Kafka Demo with InterSystems IRIS


What's new in this version

Initial Release

InterSystems IRIS Data Ingestion and Schema Evolution Example

See a video of this demo!

Demo of InterSystems IRIS with Kafka, Schema Registry, AVRO and Schema Migration

This demo allows you to show:

  • A Bank Simulator generating AVRO messages and sending them over Kafka to InterSystems IRIS
  • InterSystems IRIS Multi-model capabilities (AVRO, JSON, Objects, SQL and MDX)
  • How InterSystems IRIS can transform the AVRO object into a canonical structure using transformations and lookups
  • How InterSystems IRIS can orchestrate this work and start a human workflow in case of a problem during the transformations
  • How InterSystems IRIS can provide bidirectional data lineage (from source to canonical and vice-versa)
  • How InterSytems IRIS pull new schemas from a Kafka Schema Registry and generate the data structures automatically to support schema evolution

This demo uses Confluent's Kafka and their docker-compose sample.

How to run the demo

WARNING: If you are running on a Mac or Windows, you must give Docker at least 5Gb of RAM for this demo to run properly. Also, please check this troubleshooting document in case you find problems starting the demo with docker-compose. Disk space available for the docker VM is the most common cause for trouble.

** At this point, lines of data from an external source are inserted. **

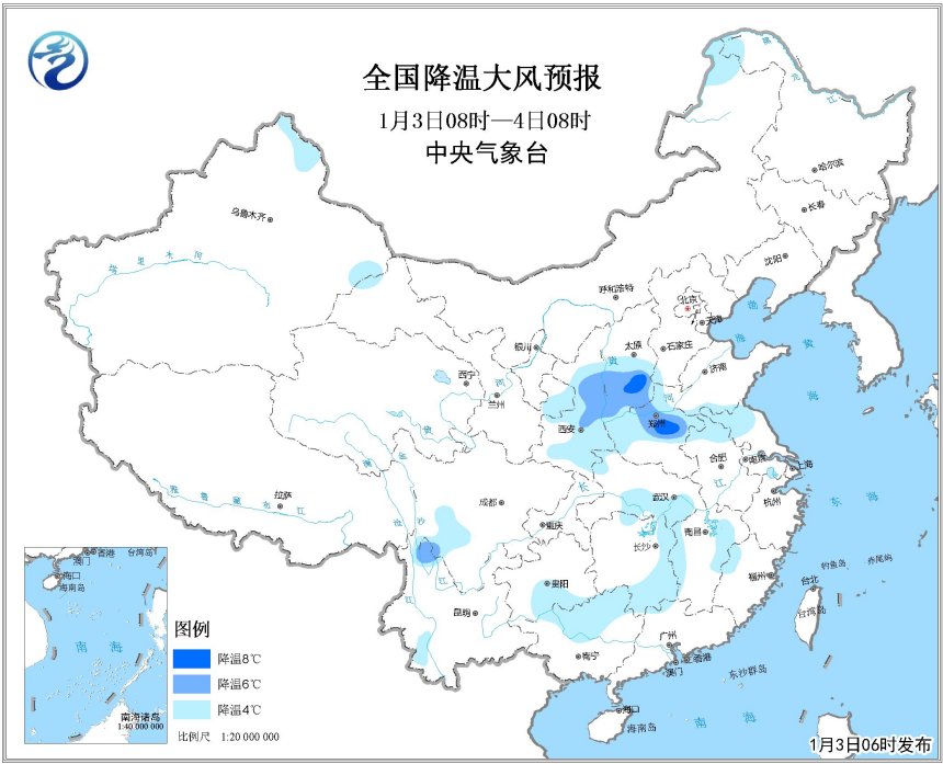 張濤:氣象監(jiān)測顯示,2日11時至3日11時,甘肅南部、寧夏中南部、陜西中部、河南中部、湖北西北部出現小雪,局地出現3~4毫米的中雪,積雪深度達2~4厘米。江蘇、安徽、湖北東部、湖南、貴州等地出現小到中雨,云南西部和南部出現中到大雨。
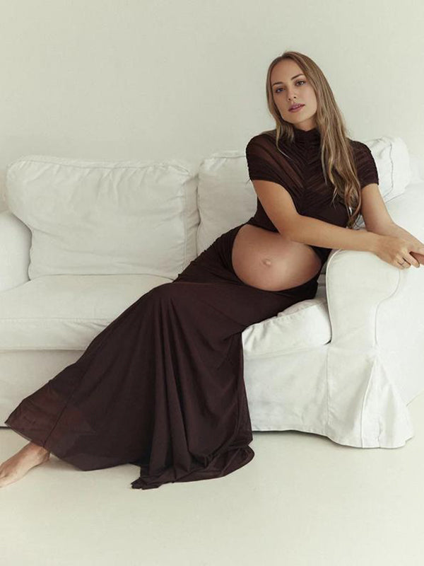 Momyknows Brown Mesh Ruched Ruffle Draped Two Piece Set Maternity Maxi Dress
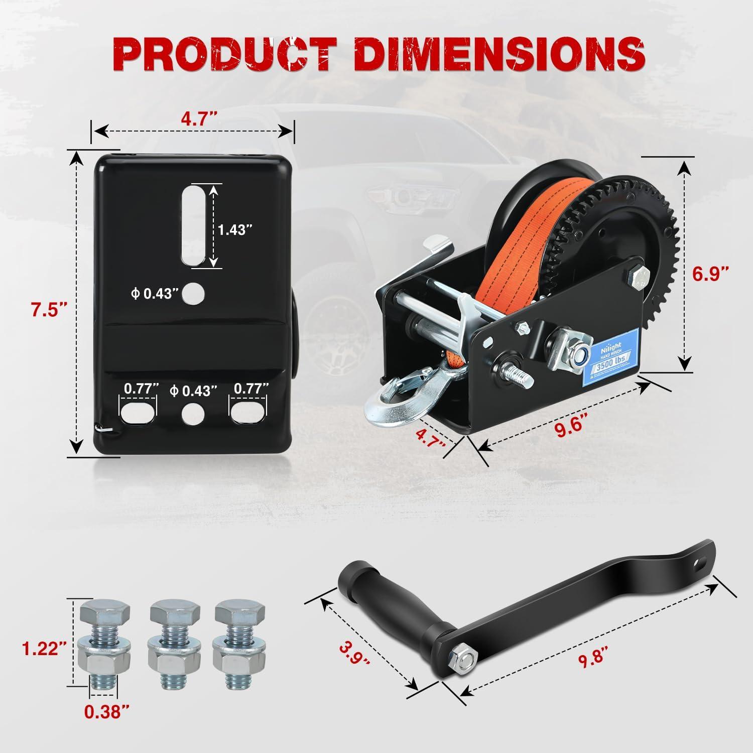 EFFORTLESS TOWING: Nilight Heavy Duty boat winch has an excellent 3500 lbs / 1600 kg of powerful pulling force, a tough wear-resistant high-strength polyester strap (L33' x ø 2″ Orange), providing safe and reliable towing. Allows you to load your boat onto your tow trailer smoothly, safely, and accurately

To run the demo on your PC, make sure you have Git and Docker installed on your machine.

Clone this repository to your local machine to get the entire source code. Don't worry, you don't need to rebuild the demo from its source. It is just easier this way. After cloning the repo, change to its directory and start the demo:

git clone https://github.com/intersystems-community/irisdemo-demo-kafka
cd irisdemo-demo-kafka
docker-compose up

When starting, you will see lots of messages from all the containers that are starting. That is fine. Don't worry!

When it is done, it will just hang there, without returning control to you. That is fine too. Just leave this window open. If you CTRL+C on this window, docker compose will stop all the containers and stop the demo.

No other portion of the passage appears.